- ABOUT THIS TASK: What you return should be the lines from the one with "Legionnaire's Cap. £4.50e" through the one with "We waited for an hour." in the data below, reproduced exactly with both ends, and no pictures at all.

Data items
=== Begin Enclosure ===
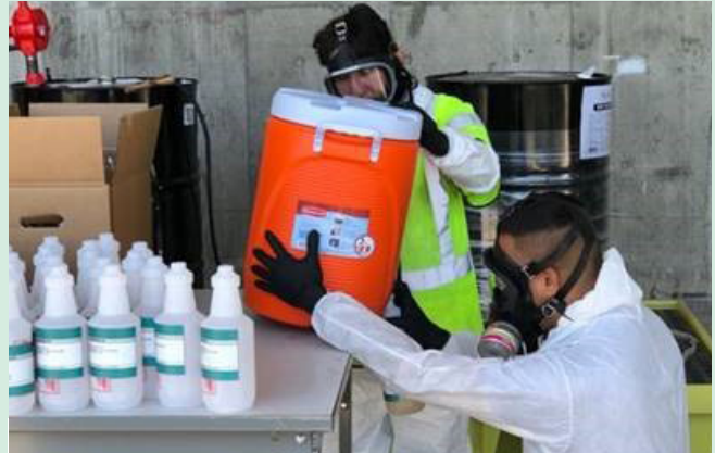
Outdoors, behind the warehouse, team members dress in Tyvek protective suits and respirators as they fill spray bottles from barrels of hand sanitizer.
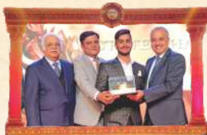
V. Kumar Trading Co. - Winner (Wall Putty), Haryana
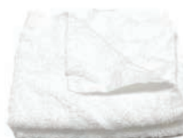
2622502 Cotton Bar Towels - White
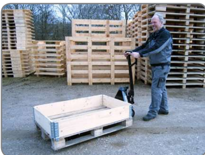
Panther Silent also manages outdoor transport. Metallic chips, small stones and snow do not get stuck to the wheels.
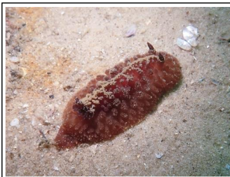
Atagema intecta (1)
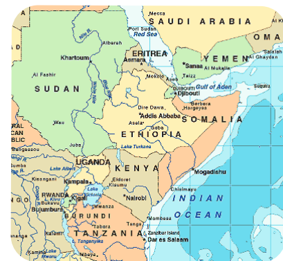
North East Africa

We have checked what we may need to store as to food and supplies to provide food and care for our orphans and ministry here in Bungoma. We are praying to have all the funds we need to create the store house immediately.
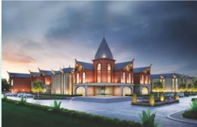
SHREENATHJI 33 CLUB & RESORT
=== End Enclosure ===
=== Begin Enclosure ===
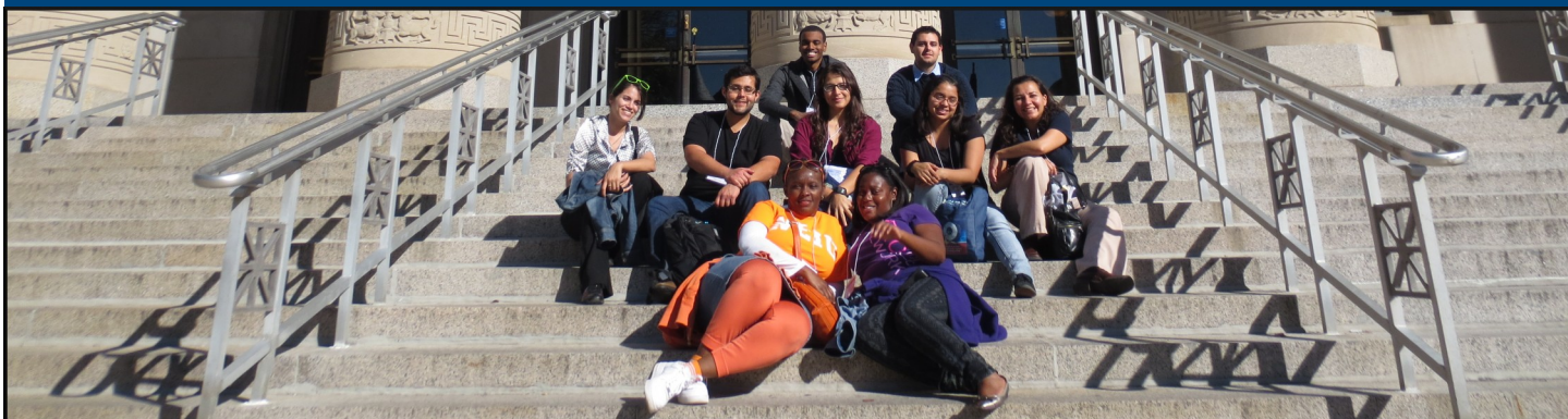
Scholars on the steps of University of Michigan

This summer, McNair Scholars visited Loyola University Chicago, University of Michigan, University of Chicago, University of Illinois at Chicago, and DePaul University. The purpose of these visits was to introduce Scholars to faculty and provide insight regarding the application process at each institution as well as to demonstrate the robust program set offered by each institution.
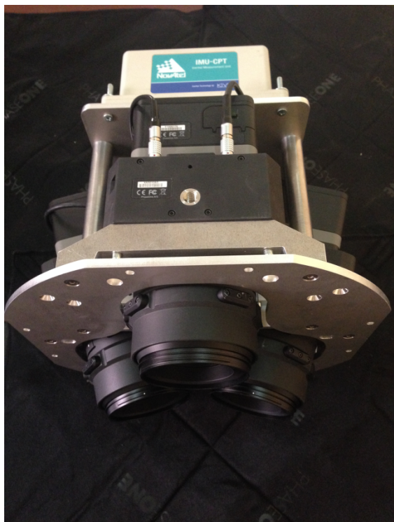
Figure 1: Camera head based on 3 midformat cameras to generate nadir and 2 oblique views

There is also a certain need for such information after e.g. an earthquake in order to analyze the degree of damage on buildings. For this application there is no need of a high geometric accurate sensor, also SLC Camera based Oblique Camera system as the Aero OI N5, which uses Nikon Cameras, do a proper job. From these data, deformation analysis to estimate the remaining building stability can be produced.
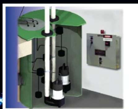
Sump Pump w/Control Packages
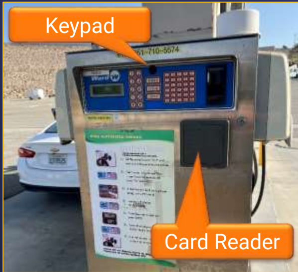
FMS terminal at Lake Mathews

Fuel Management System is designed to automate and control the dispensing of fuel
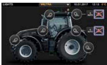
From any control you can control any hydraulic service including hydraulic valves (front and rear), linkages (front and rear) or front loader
=== End Enclosure ===
=== Begin Enclosure ===
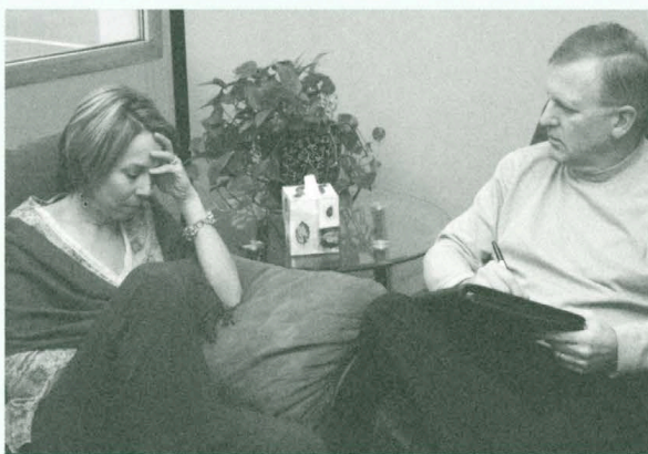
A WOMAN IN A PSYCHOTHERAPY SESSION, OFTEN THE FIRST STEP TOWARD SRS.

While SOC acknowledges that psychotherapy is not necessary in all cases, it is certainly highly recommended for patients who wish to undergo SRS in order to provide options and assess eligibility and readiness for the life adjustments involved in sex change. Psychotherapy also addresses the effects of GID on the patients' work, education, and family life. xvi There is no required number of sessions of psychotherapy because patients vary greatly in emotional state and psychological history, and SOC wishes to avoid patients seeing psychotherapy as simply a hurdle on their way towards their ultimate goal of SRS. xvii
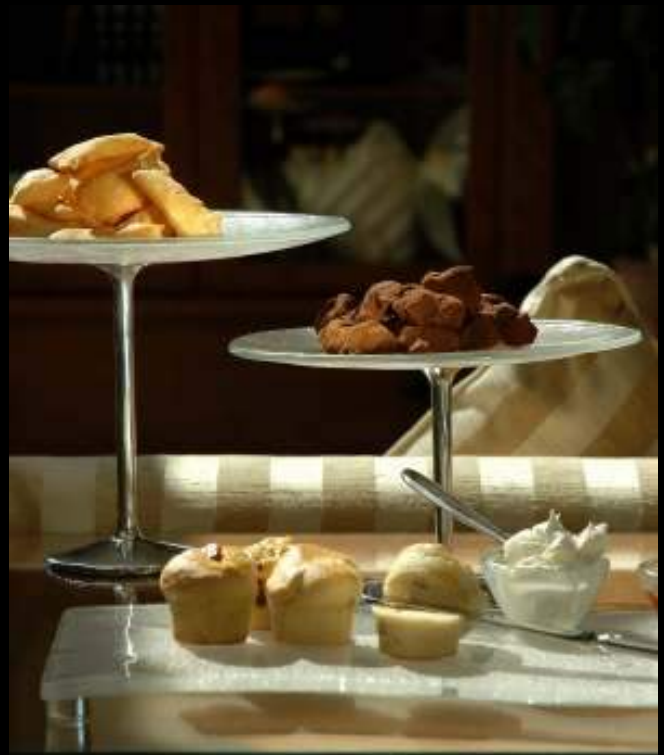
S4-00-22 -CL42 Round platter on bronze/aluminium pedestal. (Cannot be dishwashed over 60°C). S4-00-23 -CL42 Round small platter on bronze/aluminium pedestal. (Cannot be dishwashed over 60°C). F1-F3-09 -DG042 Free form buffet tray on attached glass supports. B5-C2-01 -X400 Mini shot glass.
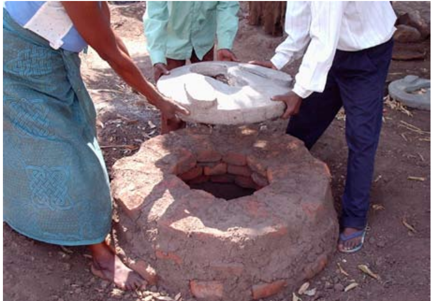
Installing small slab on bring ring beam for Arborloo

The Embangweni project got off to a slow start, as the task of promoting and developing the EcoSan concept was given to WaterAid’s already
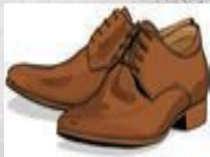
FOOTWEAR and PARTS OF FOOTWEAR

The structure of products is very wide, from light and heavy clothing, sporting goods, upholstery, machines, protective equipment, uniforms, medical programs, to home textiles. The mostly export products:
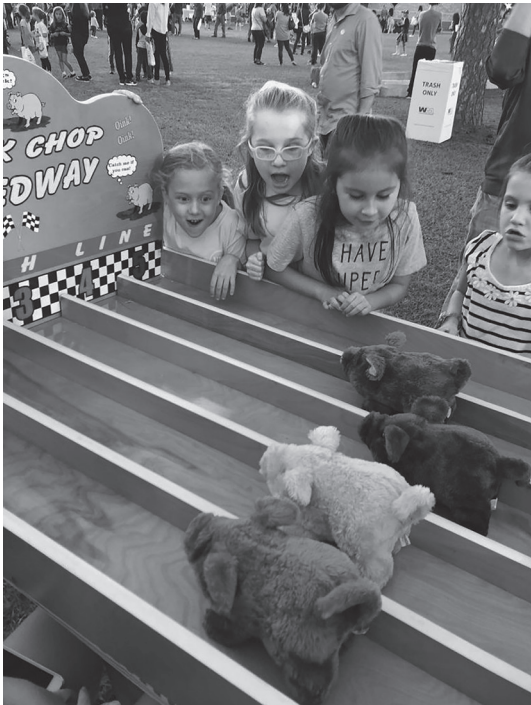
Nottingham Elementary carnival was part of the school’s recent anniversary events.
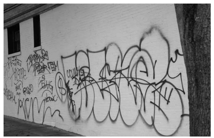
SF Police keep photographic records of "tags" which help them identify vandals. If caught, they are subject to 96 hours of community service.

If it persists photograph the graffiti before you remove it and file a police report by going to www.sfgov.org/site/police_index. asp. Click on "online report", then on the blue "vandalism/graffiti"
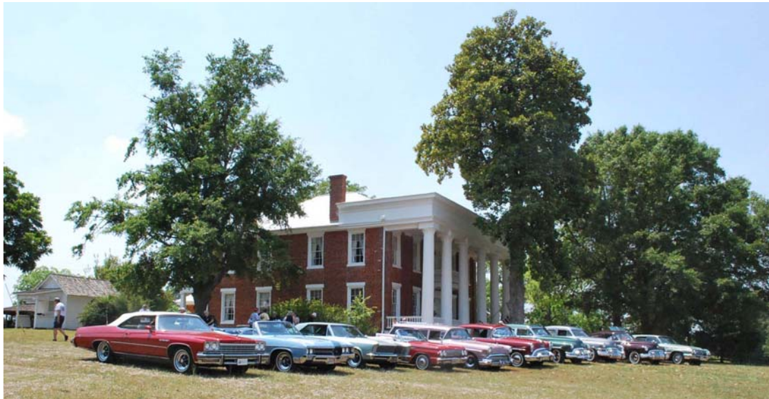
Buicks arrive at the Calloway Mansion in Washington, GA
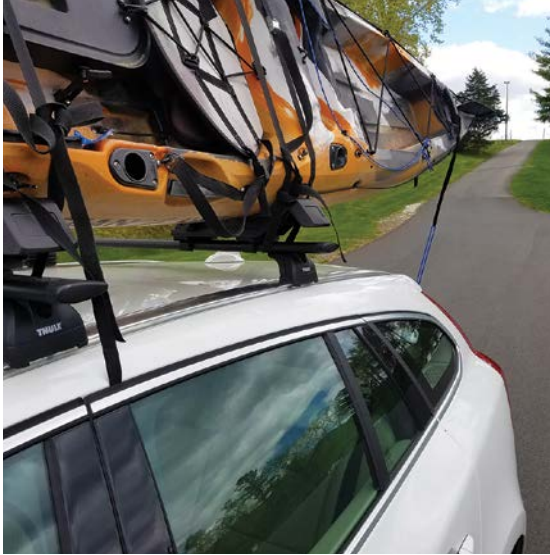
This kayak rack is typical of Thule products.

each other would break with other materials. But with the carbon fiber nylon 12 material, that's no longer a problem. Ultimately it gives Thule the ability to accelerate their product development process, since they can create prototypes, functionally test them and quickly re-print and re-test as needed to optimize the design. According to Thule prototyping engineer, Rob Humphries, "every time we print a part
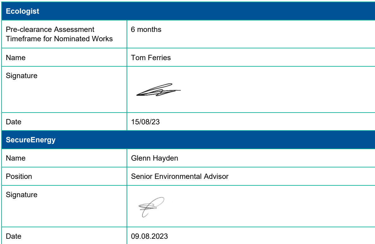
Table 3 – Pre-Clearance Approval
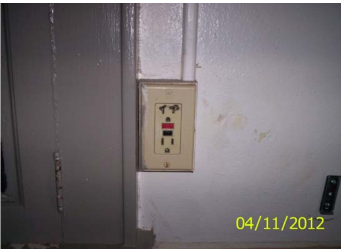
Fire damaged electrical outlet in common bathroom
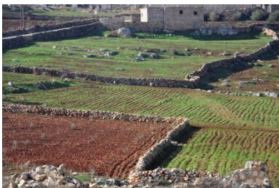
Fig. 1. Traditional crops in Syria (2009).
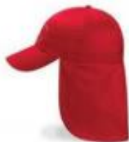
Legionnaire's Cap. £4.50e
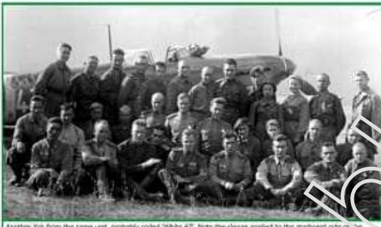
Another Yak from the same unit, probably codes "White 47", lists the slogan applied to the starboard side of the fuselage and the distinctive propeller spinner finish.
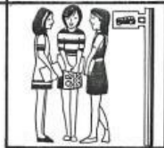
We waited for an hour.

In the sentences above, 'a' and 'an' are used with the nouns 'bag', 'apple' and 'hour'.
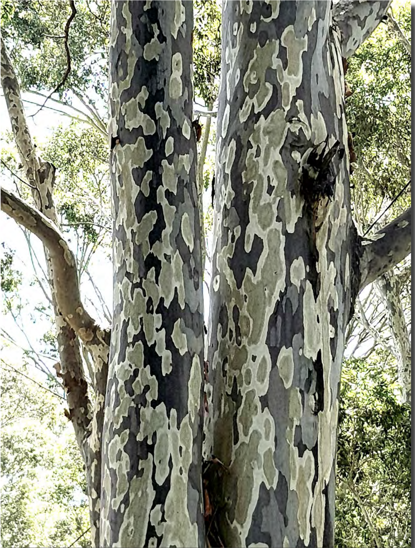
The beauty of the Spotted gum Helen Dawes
=== End Enclosure ===
- YOUR SOLUTION:
Legionnaire's Cap. £4.50e
Another Yak from the same unit, probably codes "White 47", lists the slogan applied to the starboard side of the fuselage and the distinctive propeller spinner finish.
We waited for an hour.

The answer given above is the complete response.